Cuenta la historia que hubo una vez un monje que al beber las burbujas de ese vino tan especial cuyo secreto acababa de descubrir, y que le hacía unas deliciosas cosquillas en la nariz, llamó corriendo a sus cofrades y les dijo que vinieran con él a beber las estrellas. Al cabo del tiempo, una vez perdida la inocencia de las metáforas primigenias, nos rebajaríamos a llamar a ese tan sublime vino de las estrellas recurriendo a denominaciones tan pedestres como champaña, cava y espumante.
Cuenta también la historia que hubo otro que, tras probar el aguardiente de pera que acababa de destilar se quedó pensativo mientras el fortísimo licor seguía quemándole el paladar. Luego, dejó con cuidado el vaso sobre la tosca mesa en la que estaba el alambique. Miró a sus acólitos que, en silencio, esperaban el veredicto. Hermanos, parece que les dijo, acabo de beber la primavera.
Son éstas unas historias de borrachines, tal vez empedernidos, pero no por ello menos simpáticos, que han llegado hasta nosotros gracias a la tradición oral. Son muchas más las historias alcohólicas que conocemos por haberlas leído en cualquier parte. Unas son tan entrañables como las que acabamos de recordar. Otras, por el contrario, son relatos terribles de lo que el alcohol puede llegar a provocar en las personas.
Así, entre las primeras, podríamos recordar, por ejemplo, la historia que nos regala Philippe Delerm, ese estupendo narrador con muchos rasgos de pequeño filósofo, en el sentido azoriniano del término, que es El primer sorbo de cerveza y otros placeres diminutos. Es también el caso de un libro extraño, quizás ya imposible de encontrar, salvo quizás en la versión árabe, si es que los fanáticos no han quemado todavía todos los ejemplares, que lleva el magnífico título de Periplo a través de los bares del Mediterráneo, escrito en los años treinta del pasado siglo por el tunecino Ali Douagi.
En la segunda categoría de historias existen cientos de ejemplos que podrían traerse a colación. Uno de ellos es la novela A esmorga, del gallego Eduardo Blanco Amor, que ha alcanzado recientemente una mayor y merecida difusión, aunque sea gracias a la versión cinematográfica estrenada hace pocas fechas.

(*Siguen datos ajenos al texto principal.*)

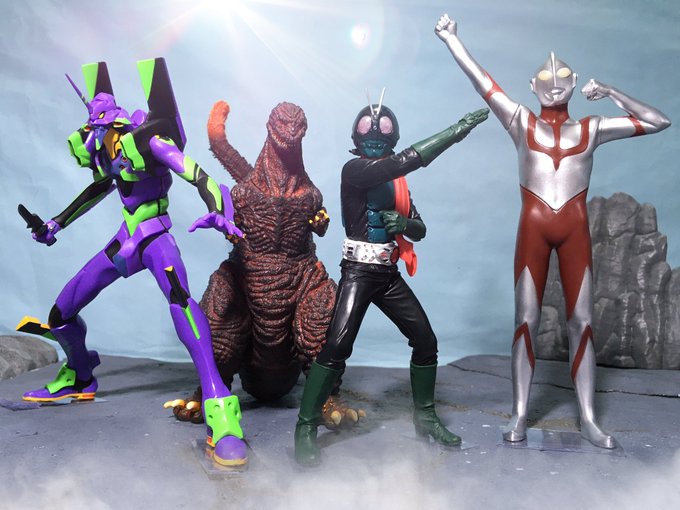 #夜のフィギュア撮影会 お題『フリー』 シン・ジャパン・ヒーローズ・ユニバース! #シン・ウルトラマン #シン・仮面ライダー #シン・ゴジラ #エヴァンゲリオン #メガライトヒーローズ #英雄勇像 #東宝怪獣コレクション #プライズ #バンプレスト #オモ写

Otra que merece ser citada es La leyenda del santo bebedor, de Joseph Roth, publicada en 1939 y que muchos consideran como una especie de testamento, no ya literario sino vital, de este excelente narrador refugiado en París, perdido en una agonía que acabó con el delirium tremens. Su funeral fue quizás el último que reunió fraternalmente a todos los que creían en una Europa que ya agonizaba. Écrivain autrichien mort à Paris, es el epitafio que alguno de ellos eligió para la tumba del santo bebedor.